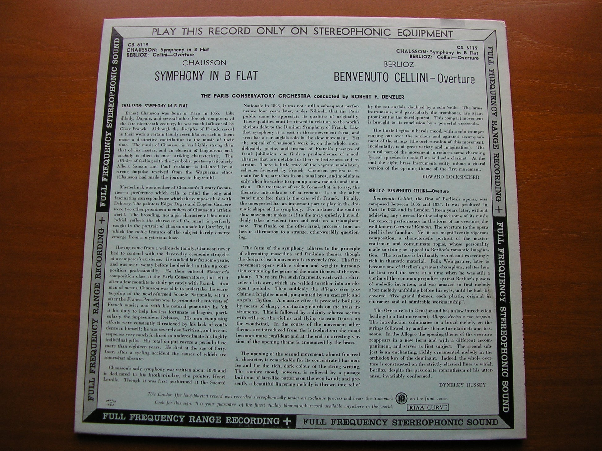 CS 6119  CHAUSSON: SYMPHONY / BERLIOZ: OVERTURE Benvenuto Cellini     ROBERT DENZLER / PARIS CONSERVATOIRE ORCHESTRA
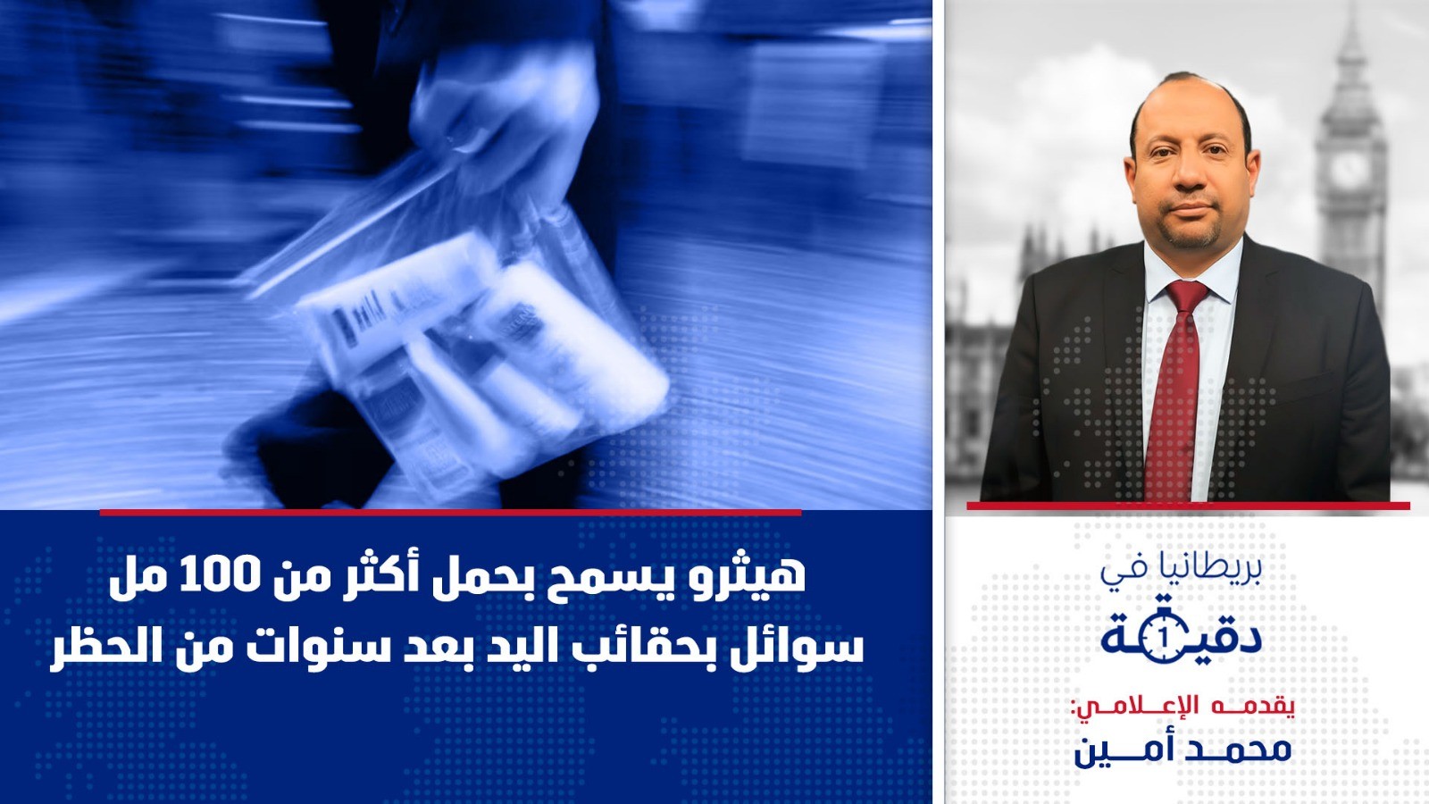 فيديو/ بريطانيا في دقيقة: هيثرو يسمح بحمل أكثر من 100مل سوائل بحقائب اليد بعد سنوات من الحظر
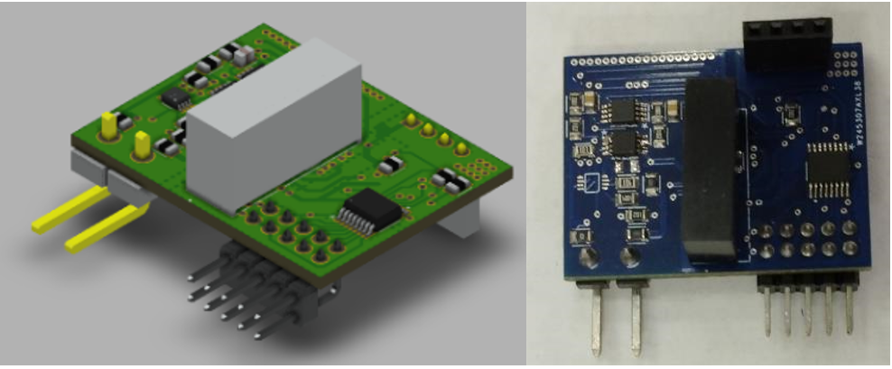 La placa de adquisición analógica se diseña teniendo 2 planos de potencia aislados eléctricamente: un plano flotante para el componente analógico del circuito y un plano común para conexión con el módulo concentrador de adquisición. La selección de componentes, su disposición sobre el circuito impreso y el diseño de los trazados se realizó de tal forma que mantuviese un voltaje de ruptura de 2KV entre los terminales de entrada de señal analógica y las terminales de alimentación y control digital. En la Fig. 4 puede evidenciarse el diseño 3D de la placa y su implementación final.
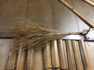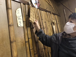 壁には割竹の装飾が施してありますが、そこにさりげなくぶら下げられた編み細工。横の紙には「はばき」と書いてある。
**********
▶ What is expected
An exact, image-free transcript of the material is required.

▶ Exercise solution
 CS 6119  CHAUSSON: SYMPHONY / BERLIOZ: OVERTURE Benvenuto Cellini     ROBERT DENZLER / PARIS CONSERVATOIRE ORCHESTRA
 فيديو/ بريطانيا في دقيقة: هيثرو يسمح بحمل أكثر من 100مل سوائل بحقائب اليد بعد سنوات من الحظر
 La placa de adquisición analógica se diseña teniendo 2 planos de potencia aislados eléctricamente: un plano flotante para el componente analógico del circuito y un plano común para conexión con el módulo concentrador de adquisición. La selección de componentes, su disposición sobre el circuito impreso y el diseño de los trazados se realizó de tal forma que mantuviese un voltaje de ruptura de 2KV entre los terminales de entrada de señal analógica y las terminales de alimentación y control digital. En la Fig. 4 puede evidenciarse el diseño 3D de la placa y su implementación final.
 壁には割竹の装飾が施してありますが、そこにさりげなくぶら下げられた編み細工。横の紙には「はばき」と書いてある。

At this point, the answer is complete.